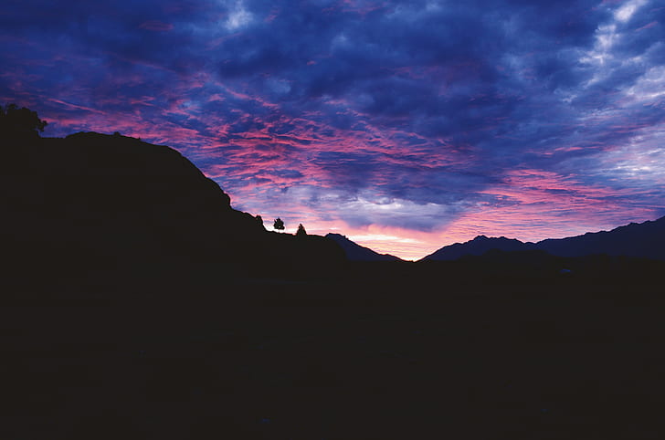 silhouette of mountain under purple clouds -
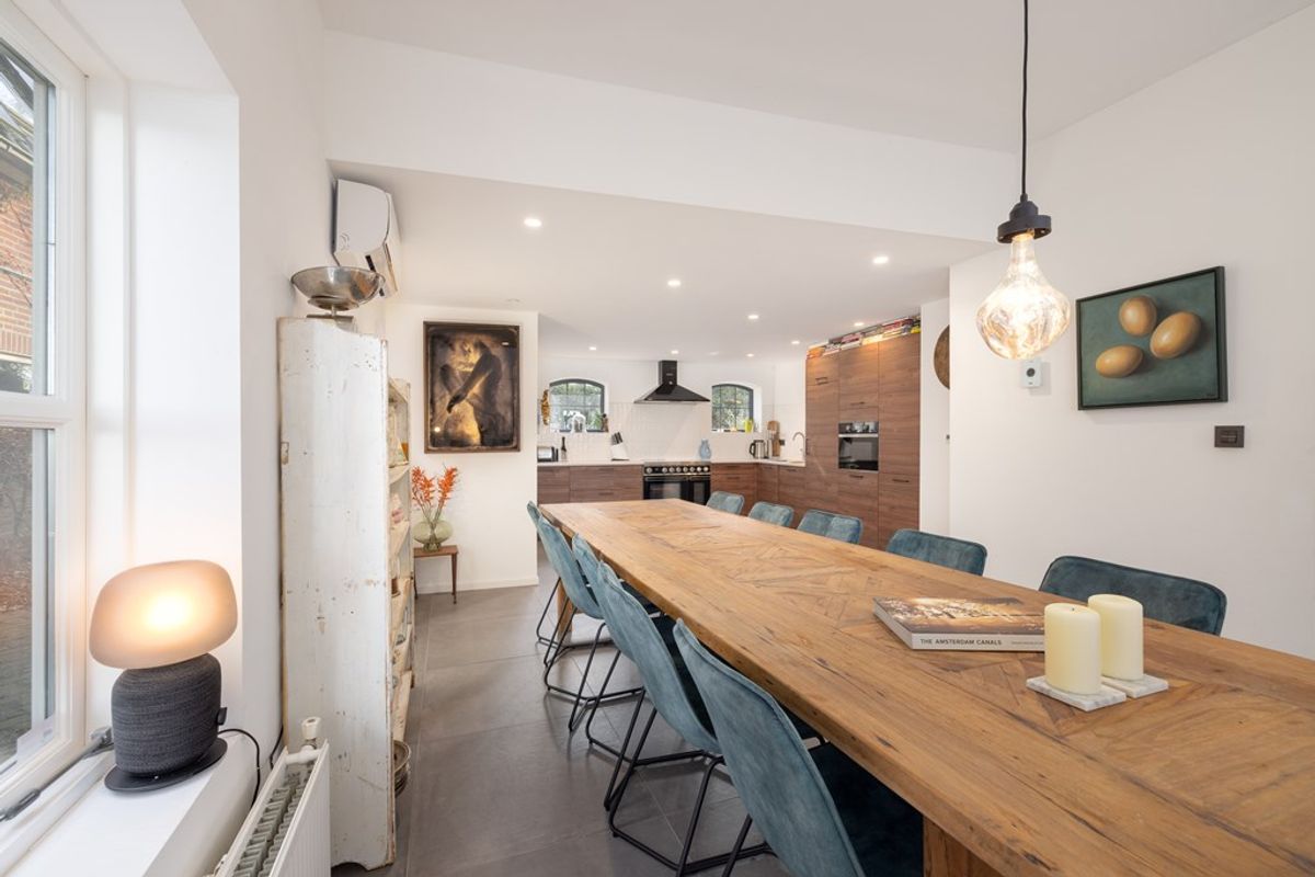 De royale woonkeuken met eetkamer vormt het hart van de woonboerderij. Deze lichte en uitnodigende leefruimte is in 2021 volledig vernieuwd en voorzien van een open keuken met kookeiland, uitgevoerd met maatwerkkasten en hoogwaardige inbouwapparatuur. De warme houttinten en rustige afwerking zorgen voor een tijdloze en hoogwaardige uitstraling.
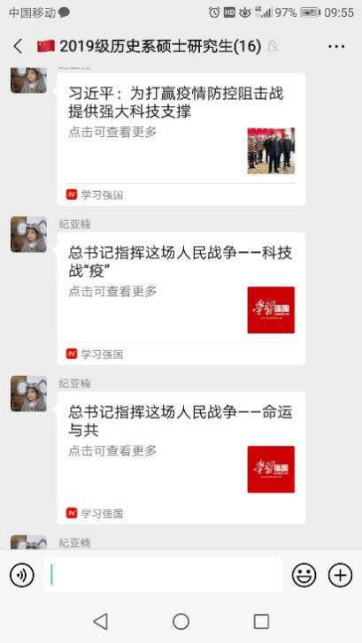 2020年3月15日,2019级历史系硕士研究生党支部开展疫情防控线上主题党日活动。支部全体党员同志参加,会议由支部纪亚楠同志主持。
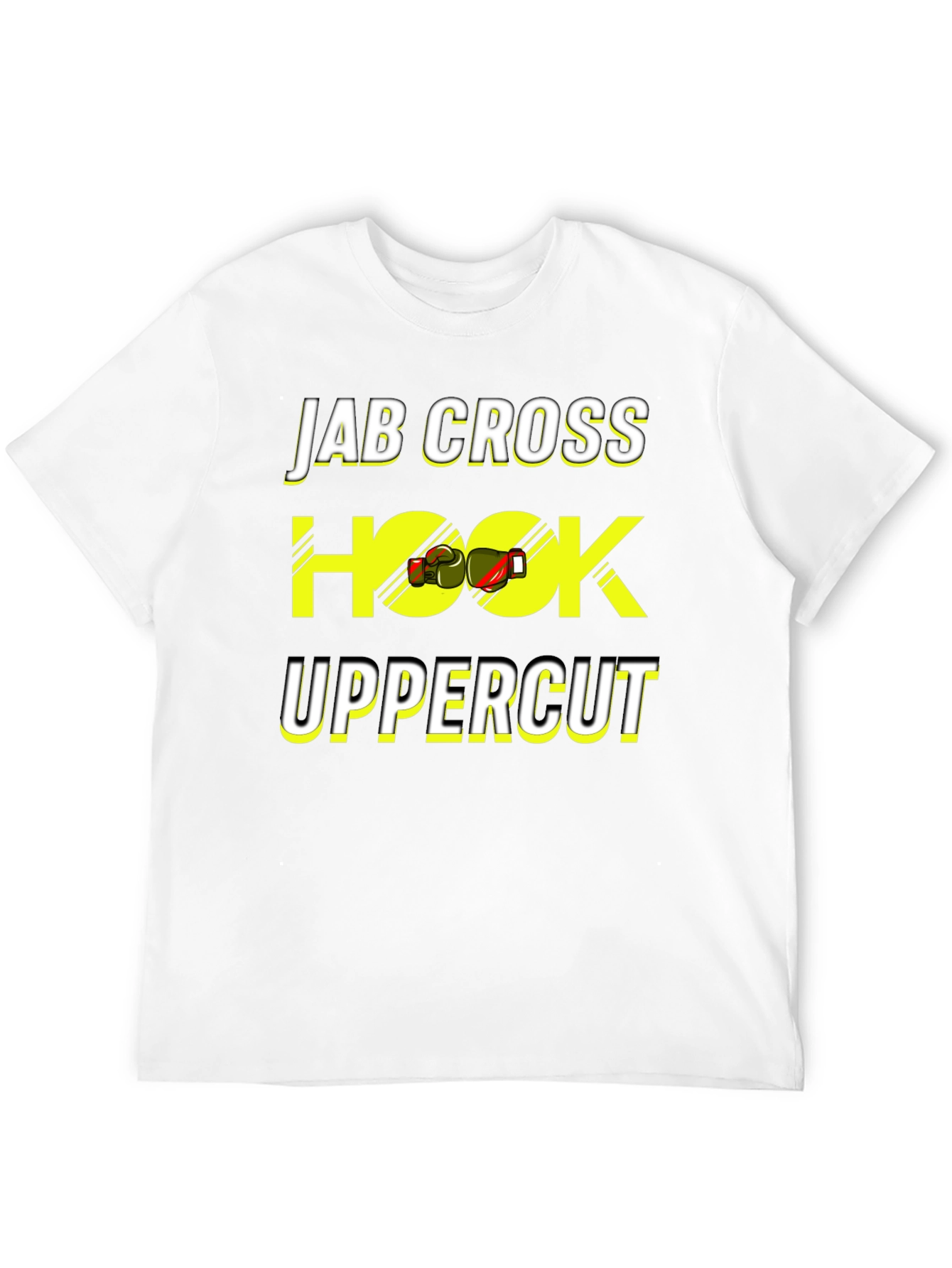 Show off your love for boxing with this stylish black t-shirt. Featuring a bold graphic design that spells out "JAB CROSS HOOK UPPERCUT" in eye-catching yellow font, this tee is sure to turn heads. The word 'HOOK' cleverly incorporates boxing gloves within the design, adding a unique touch. Perfect for casual wear, workouts, or hitting the gym. Made from a soft, comfortable fabric, this shirt offers both style and comfort. Ideal for boxers, trainers, or anyone passionate about the sport.
☆ ☆ ☆
→ WHAT TO WORK ON
Reprint the data verbatim, pictures excluded.

→ ANSWER FOR THIS EXERCISE
 silhouette of mountain under purple clouds -
 De royale woonkeuken met eetkamer vormt het hart van de woonboerderij. Deze lichte en uitnodigende leefruimte is in 2021 volledig vernieuwd en voorzien van een open keuken met kookeiland, uitgevoerd met maatwerkkasten en hoogwaardige inbouwapparatuur. De warme houttinten en rustige afwerking zorgen voor een tijdloze en hoogwaardige uitstraling.
 2020年3月15日,2019级历史系硕士研究生党支部开展疫情防控线上主题党日活动。支部全体党员同志参加,会议由支部纪亚楠同志主持。
 Show off your love for boxing with this stylish black t-shirt. Featuring a bold graphic design that spells out "JAB CROSS HOOK UPPERCUT" in eye-catching yellow font, this tee is sure to turn heads. The word 'HOOK' cleverly incorporates boxing gloves within the design, adding a unique touch. Perfect for casual wear, workouts, or hitting the gym. Made from a soft, comfortable fabric, this shirt offers both style and comfort. Ideal for boxers, trainers, or anyone passionate about the sport.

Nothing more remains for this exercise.